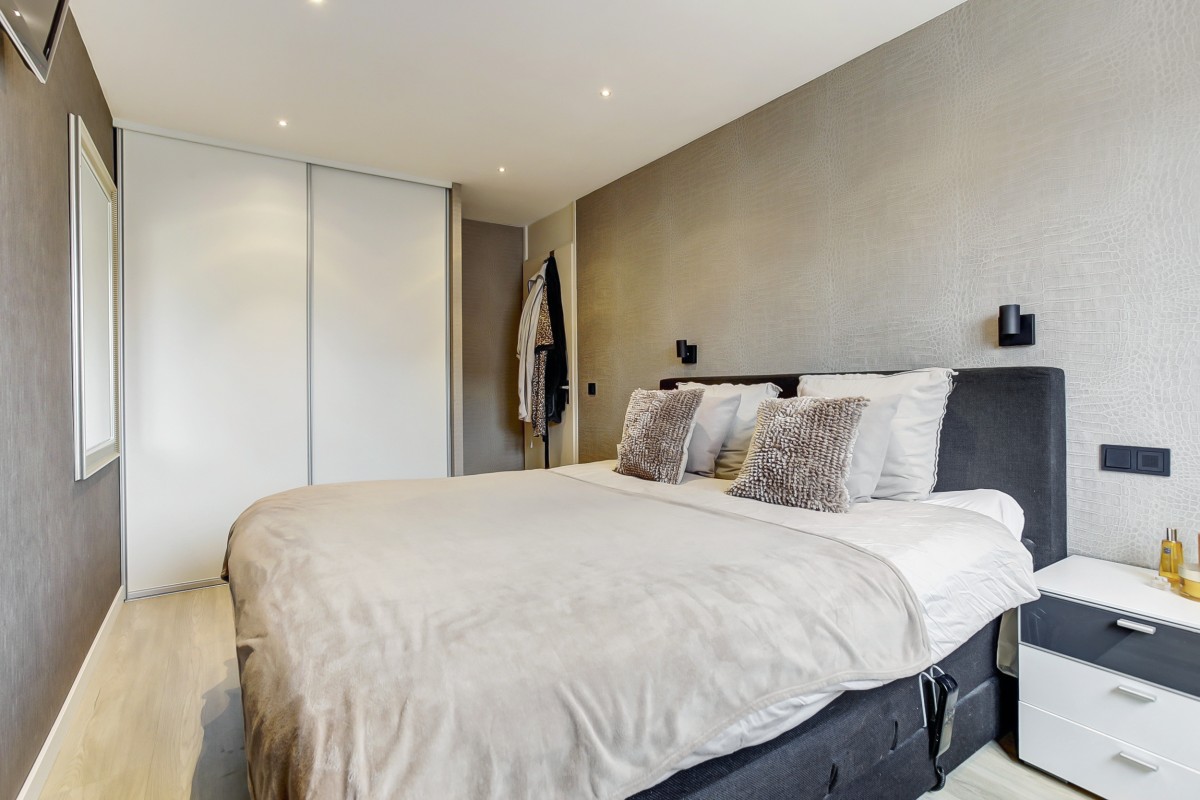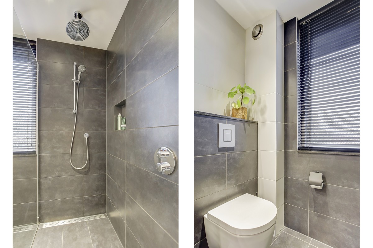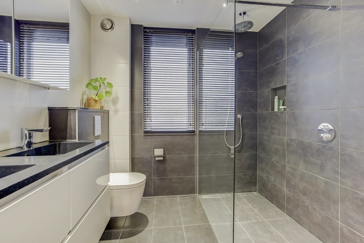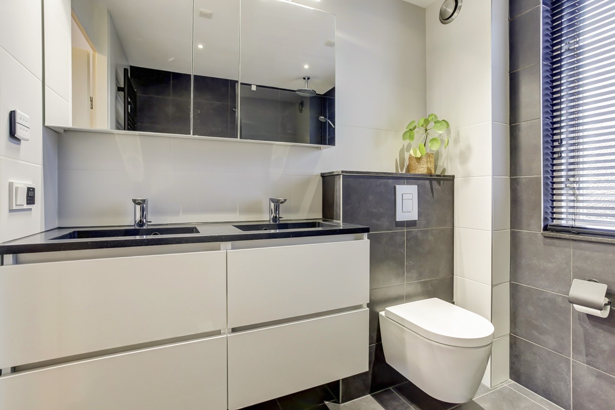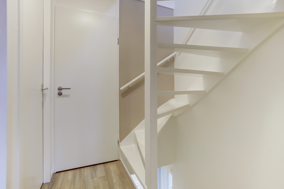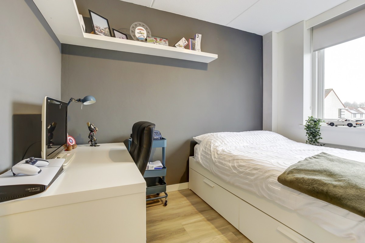 Eerste verdieping: vaste trap naar de ruime overloop met aansluitend 3 mooie slaapkamers en de moderne badkamer. De ouderslaapkamer is voorzien van een verlaagd plafond met ingebouwde spots, een vaste kast, radiator ombouw en een ingebouwde radio. De overloop en slaapkamers beschikken over een moderne doorgelegde lichte pvc vloer. De luxe badkamer is voorzien van een inloopdouche met regen- en handdouche en een ingebouwde nis, 2e hangcloset, designradiator, ingebouwde radio, een dubbel wastafelmeubel met elektronische kranen en vloerverwarming.
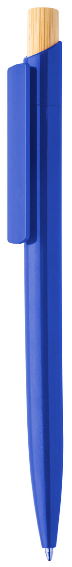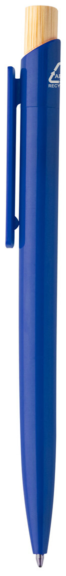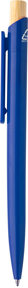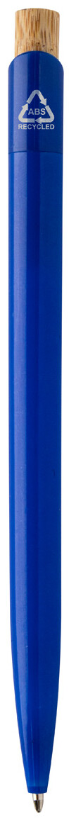 Kuličkové pero z recyklovaného ABS plastu s bambusovým tlačítkem. S modrou náplní.
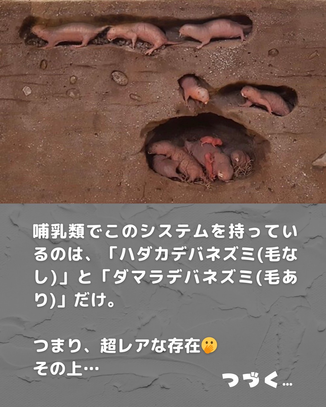 哺乳類でこのシステムを持っているのは、「ハダカデバネズミ(毛なし)」と「ダマラデバネズミ(毛あり)」だけ。
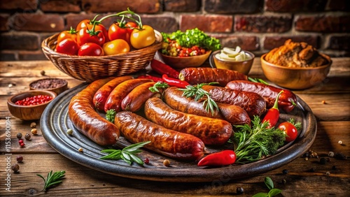 Rustic smoked sausage photography: gourmet, architectural food styling.
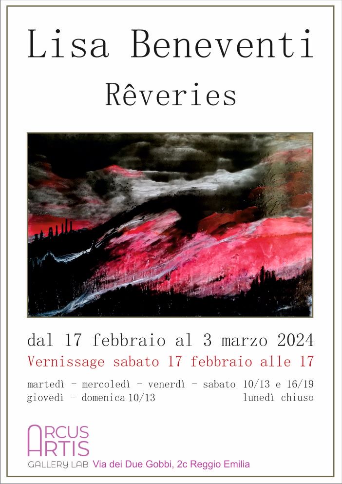 La sua prossima mostra personale, dal 17 Febbraio al 3 Marzo presso Arcus Artis GalleryLab in via dei Due Gobbi, n. 2/c a Reggio Emilia, è intitolata appunto Rêveries e presenta opere che offrono un'esperienza totalmente immersiva, con composizioni astratte di rara potenza evocativa e di straordinaria bellezza, che si ispirano ai personaggi e alle situazioni presenti nei suoi romanzi più recenti.
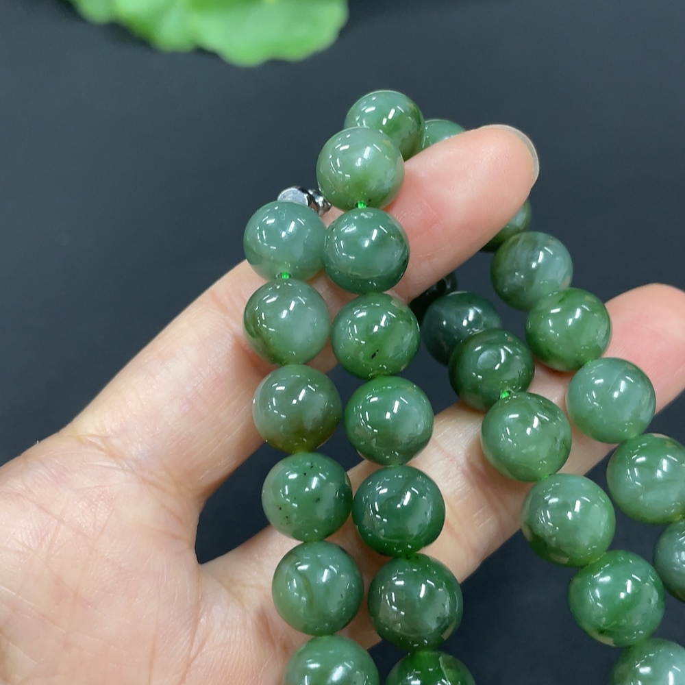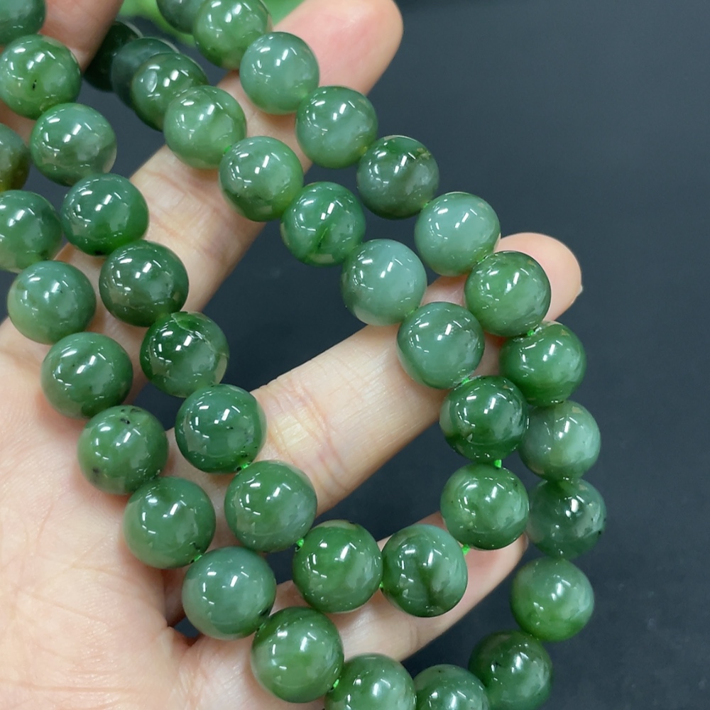 Hetian Jade Bead Necklace Approx. 9.4mm Total Weight Approx. 65.7g
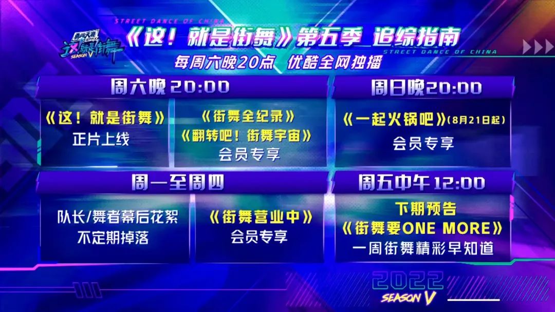 圍繞《街舞》IP,優酷打造了豐富的節目帶,在主節目之外,今年優酷推出的 “街舞宇宙”致力於給觀眾帶來全場景IP體驗。一週七天觀眾可觀看《街舞全記錄》《翻轉吧!街舞宇宙》《一起火鍋吧》《街舞營業中》《街舞要ONE MORE》等衍生節目,沉浸式享受街舞的快樂。
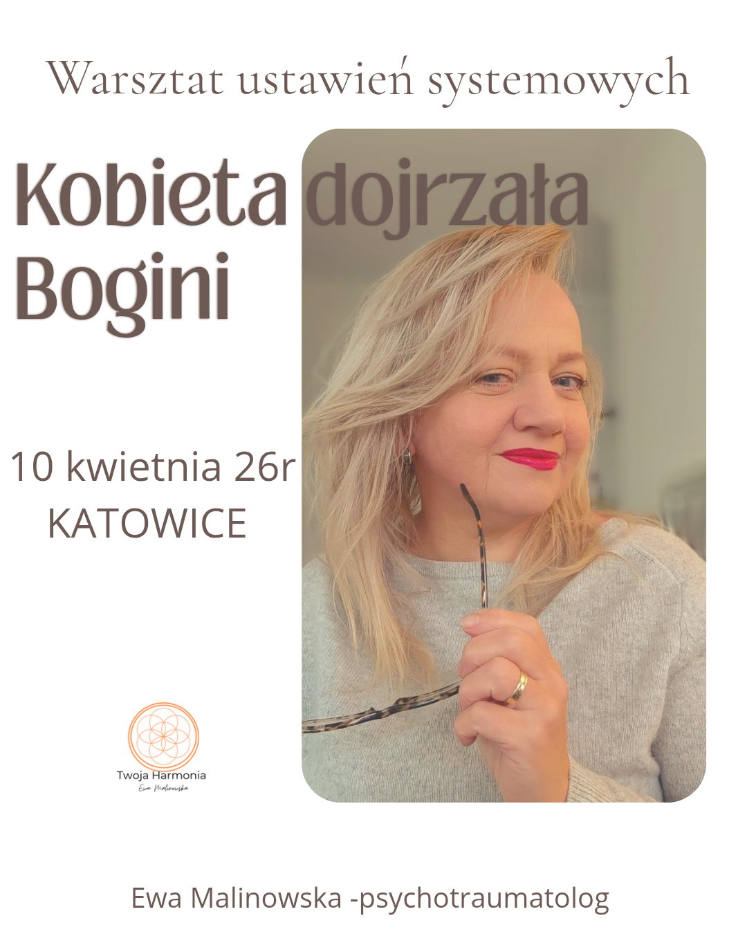 Jest świadomym krokiem ku wolności i drogą prowadzącą do prawdziwego spełnienia. Każda kobieta w którymś momencie życia przekracza próg trzeciej fazy. To moment, którego nie da się zatrzymać ani zagłuszyć. Można wtedy kurczowo trzymać się młodości. Albo zatrzymać się i zapytać:Albo zatrzymać się i zapytać: co we mnie teraz chce się obudzić. Dojrzałość nie jest wycofaniem się z życia.Jest wejściem głębiej. Dojrzała kobieta zaczyna zauważać, gdzie przez lata przekraczała siebie. Gdzie mówiła „tak”, choć ciało mówiło „nie”Gdzie była lojalna wobec rodu, partnera, dzieci – ale nie wobec siebie.To czas, kiedy kobieta przestaje się wstydzić swojego wieku. Przestaje się porównywać.Zaczyna wybierać świadomie – relacje, pracę, sposób życia wtedy naprawdę staje się twórcza.Wolna. Mocna ale już nie tą napiętą siłą.Tylko spokojną, ugruntowaną obecnością. Jean Shinoda Bolen pięknie przedstawiła archetypy bogiń i była moją inspiracją by stworzyć ten warztat.
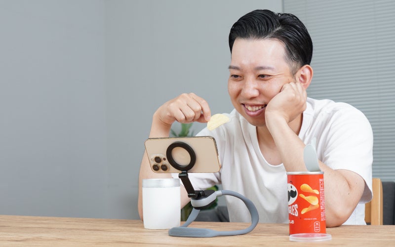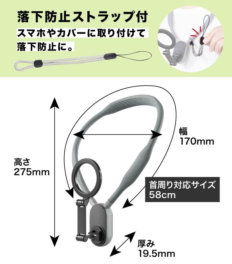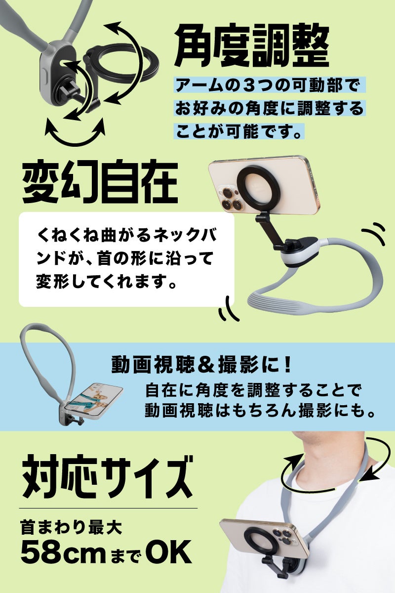 首に巻いて使用。首回り最大58cmまで対応。くねくねと曲がる首掛け部分の先端にホルダーを搭載。ホルダー部から2軸のアームが伸びその先にマグセーフ用リングを搭載。マグセーフ対応スマホに磁石でしっかりと固定します。マグセーフ非対応のスマホでも付属のマグネットを張り付ければ使用可能。ネックバンド部分はボタンで簡単に脱着が可能。くねくねと曲がるネックバンドを工夫すれば、卓上に置いてスマホスタンドとしても使えます。
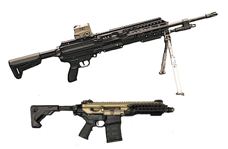 美国SIG在2021年SHOT Show上展出的NGSW原型枪:上面是新MCX-SPEAR,已经改成M-LOK护木
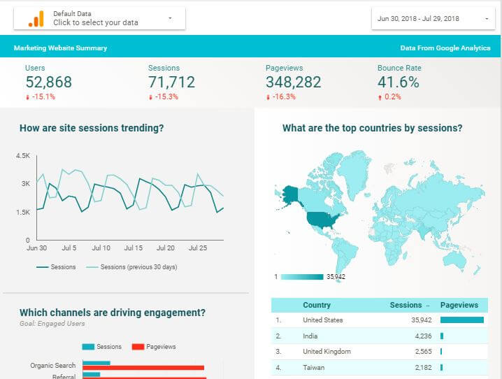 Screenshot: Data Studio Template Website Summary
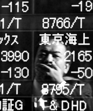 1月23日,一名男子望着日本东京的一个股指显示屏。受前一个交易日纽约股市下挫和日本国内企业业绩恶化等因素影响,当天东京股市日经225种股票平均价格指数大幅下跌3.81%。 新华社/路透

□ □ □ □ □

→ **Exercise description**
Transcribe exactly each line of the records from the start up to and including the one with "Rustic smoked sausage", and leave out every picture.

→ **Result of the exercise**
 Eerste verdieping: vaste trap naar de ruime overloop met aansluitend 3 mooie slaapkamers en de moderne badkamer. De ouderslaapkamer is voorzien van een verlaagd plafond met ingebouwde spots, een vaste kast, radiator ombouw en een ingebouwde radio. De overloop en slaapkamers beschikken over een moderne doorgelegde lichte pvc vloer. De luxe badkamer is voorzien van een inloopdouche met regen- en handdouche en een ingebouwde nis, 2e hangcloset, designradiator, ingebouwde radio, een dubbel wastafelmeubel met elektronische kranen en vloerverwarming.
 Kuličkové pero z recyklovaného ABS plastu s bambusovým tlačítkem. S modrou náplní.
 哺乳類でこのシステムを持っているのは、「ハダカデバネズミ(毛なし)」と「ダマラデバネズミ(毛あり)」だけ。
 Rustic smoked sausage photography: gourmet, architectural food styling.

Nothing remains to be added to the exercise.